Our goal for this week is to converge on a single well-defined methods section. By the end of the week, we want to produce a very specific proposal detailing exactly what needs to be built/done in order to embark on our study. You all wrote a bunch of great proposals last week, and we want to extract the best ideas so that we can synthesize a single system design.

By Wednesday morning 9 am PST, read each of last week’s submissions on Meteor and write comments in an “I like / I wishstyle. For example, “I like how your proposal explores at the motivation of workers to help requesters author their tasks” and “I wish your design accounted for workers with different level of experience.” Please leave your comments on the task-author ideas submitted, last week; via comments section on the meteor website.
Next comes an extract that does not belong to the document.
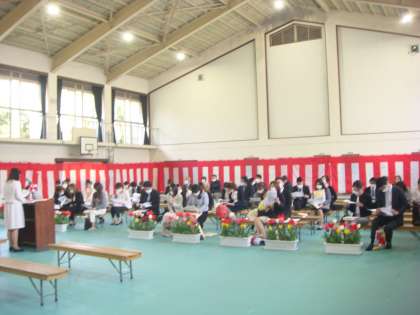 今年度の入学式は,いろいろと考えさせていただき,3密条件が同時に重ならないようにいたしました。出入口に消毒液。会場の窓を開ける。在校生は出席しない。長椅子一脚に2人が座る。

On Wednesday from 8pm-10pm PST, @michaelbernstein will lead a hangout to synthesize these ideas and outline a single proposal. We will then take this outline and fill in any missing details during the rest of the week and create a single well-written systems section. RSVP here or watch here.

Proposal

We will now be writing up a single Task Authoring Methods Proposal together here for the conference submission. Please pick a section (or create your own) in the doc below and start adding content!

Volunteer to be a requester

The taskauthoring folks are looking for a couple volunteers to create some tasks for three datasets we have. We give you the task and some example input/outputs, and you try to write a task interface in Mechanical Turk that will get workers to produce the right answers.

If you are interested, please ping @catherine.mullings

Open Gov and Design

Check out this week's meeting, and based on the open gov discussions here - create a mock, minimal design within Daemo. Think about questions like: how does it work as a system? how it would fit in Daemo? Like, walk us through. I’m a new worker on Daemo. What do I do? Am I already part of a guild? How do I get into one? How do I get work once I’m in one? What if the requester doesn’t like what I do? And how does all this solve the reputation problem?

You can use balsamic to give shape to your ideas. Design folks, come join and help move this effort forward.

Research Engineering

This weeks main issues: #77 (this is a pretty big one), #660, #509

announce in #research-engineering that you are working on a particular issue and please let the others know about the progress of the issues you are working on (so that we don't do duplicate work). You are encouraged to work together.

For any questions ping @aginzberg, @dmorina, and @shirish.goyal on Slack #research-engineering

Submission

Create a Wiki Page for your Team's Submission (Open Gov and Design)

Create a wiki page with Balsamic designs and descriptions, for the Open Gov and Design part. If you have never created a wiki page before, please see this or watch this. Once you're done, post here: http://crowdresearch.meteor.com/category/open-gov

Comment I like/I wish for your Team's Submission (Task Authoring and Task Feed)

By Wednesday morning 9 am, finish commenting for task feed; by Wednesday evening 8 pm, finish commenting for task authoring. Make these comments on the meteor website.